DATASET EXCERPT:
* * * * * * * * *

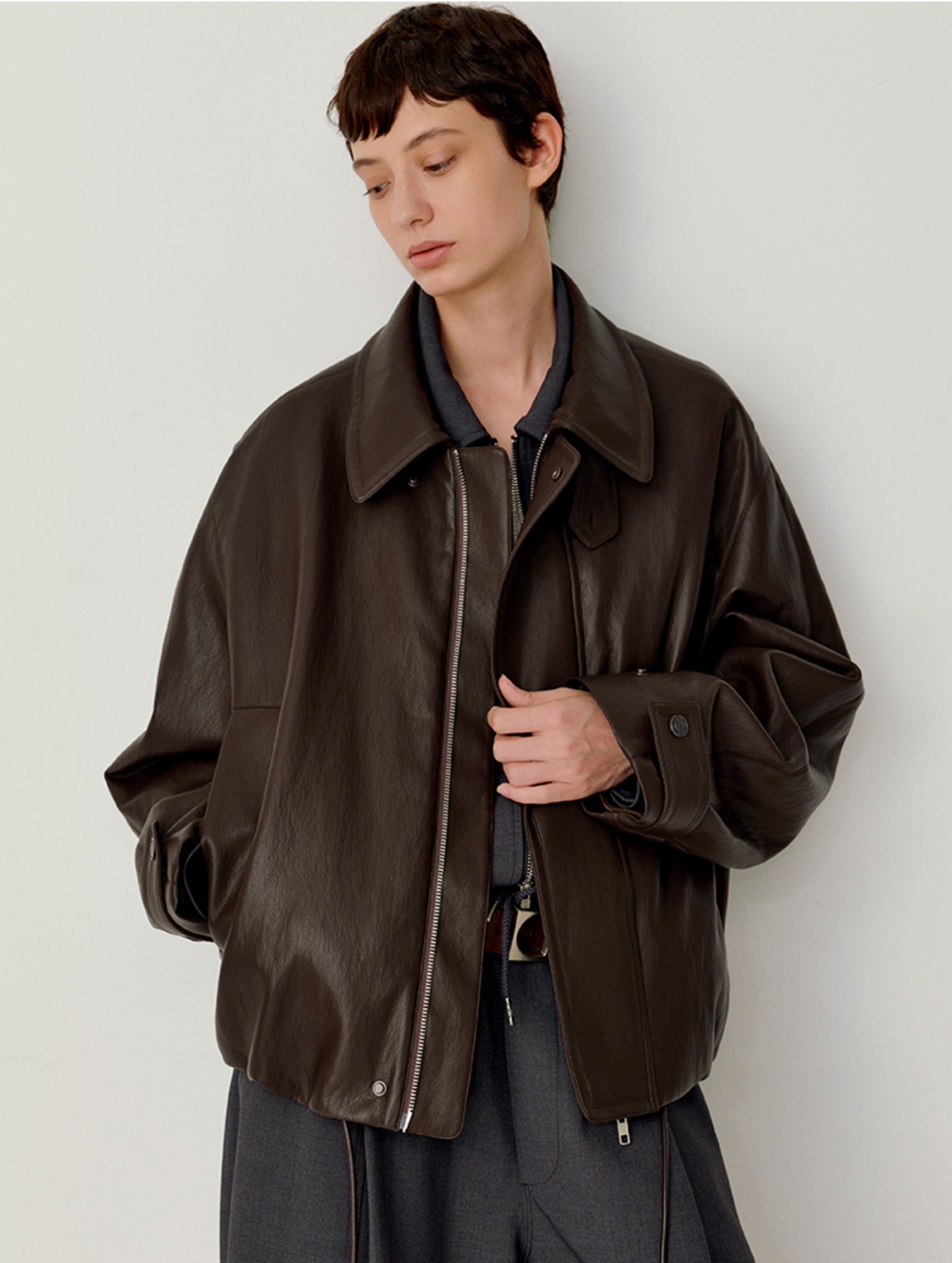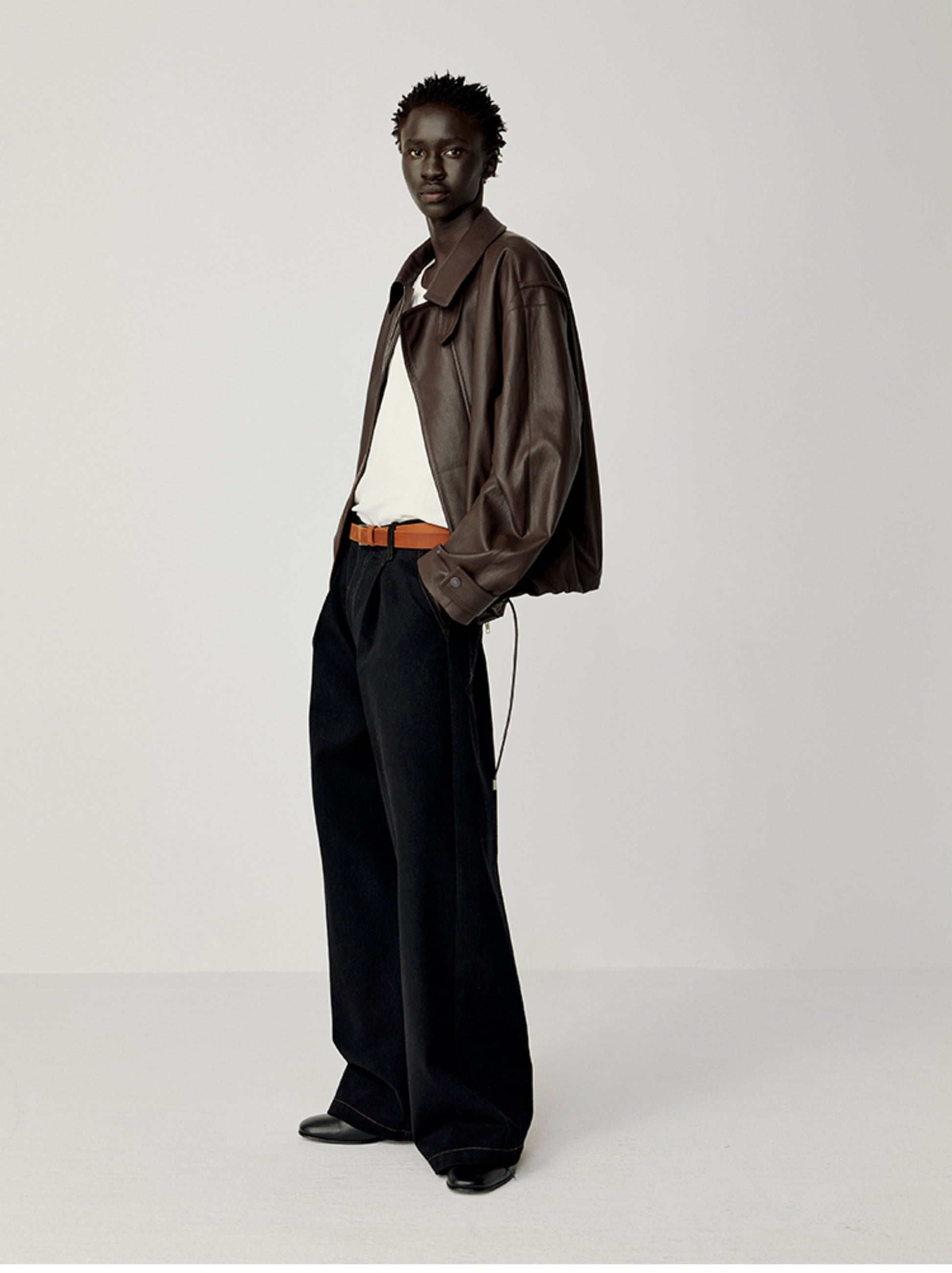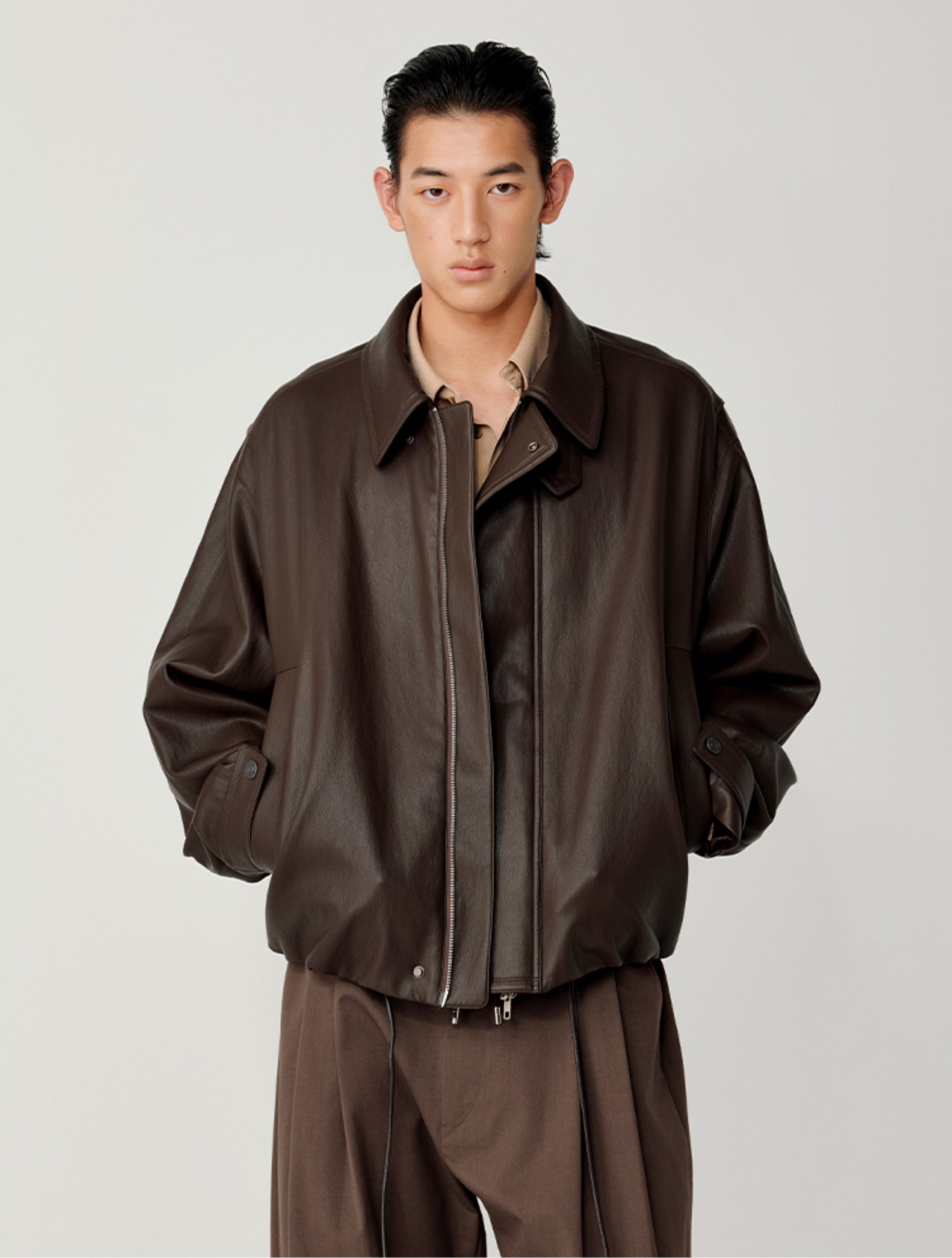 Accordion-Pleated Leather Jacket
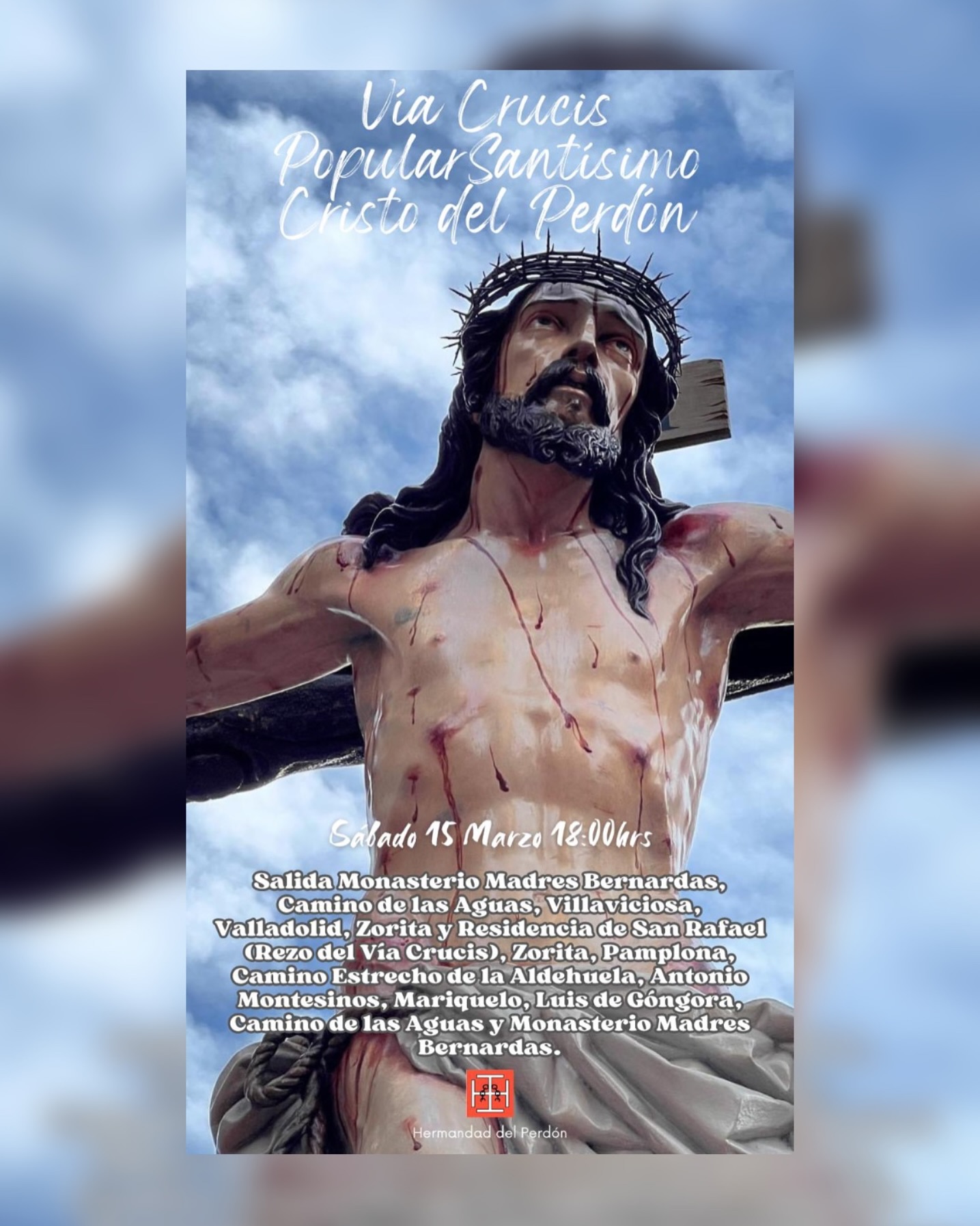 ✅ La Hermandad de Nuestro Padre Jesús del Perdón y María Santísima de Gracia y Amparo celebra un VÍA CRUCIS POPULAR con la imagen de su titular NUESTRO PADRE JESÚS DEL PERDÓN por las calles del Barrio Prosperidad a las 18:00 horas, desde el Monasterio de las RRMM Bernardas.
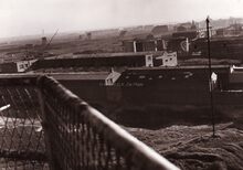 De O.287 "Ixous" in het sas bij het Visserijdok. Rechts André Vanhove. De vissers dragen klompen. Gereed om het sas binnen te varen o.a. de O.289 en O.312. Op de achtergrond de Hendrik Baelskaai met het metaalbedrijf van Valcke Frères.

* * * * * * * * *

BRIEF: Return all the data above as written, leaving out only the pictures.

EXERCISE OUTPUT:
 Accordion-Pleated Leather Jacket
 ✅ La Hermandad de Nuestro Padre Jesús del Perdón y María Santísima de Gracia y Amparo celebra un VÍA CRUCIS POPULAR con la imagen de su titular NUESTRO PADRE JESÚS DEL PERDÓN por las calles del Barrio Prosperidad a las 18:00 horas, desde el Monasterio de las RRMM Bernardas.
 De O.287 "Ixous" in het sas bij het Visserijdok. Rechts André Vanhove. De vissers dragen klompen. Gereed om het sas binnen te varen o.a. de O.289 en O.312. Op de achtergrond de Hendrik Baelskaai met het metaalbedrijf van Valcke Frères.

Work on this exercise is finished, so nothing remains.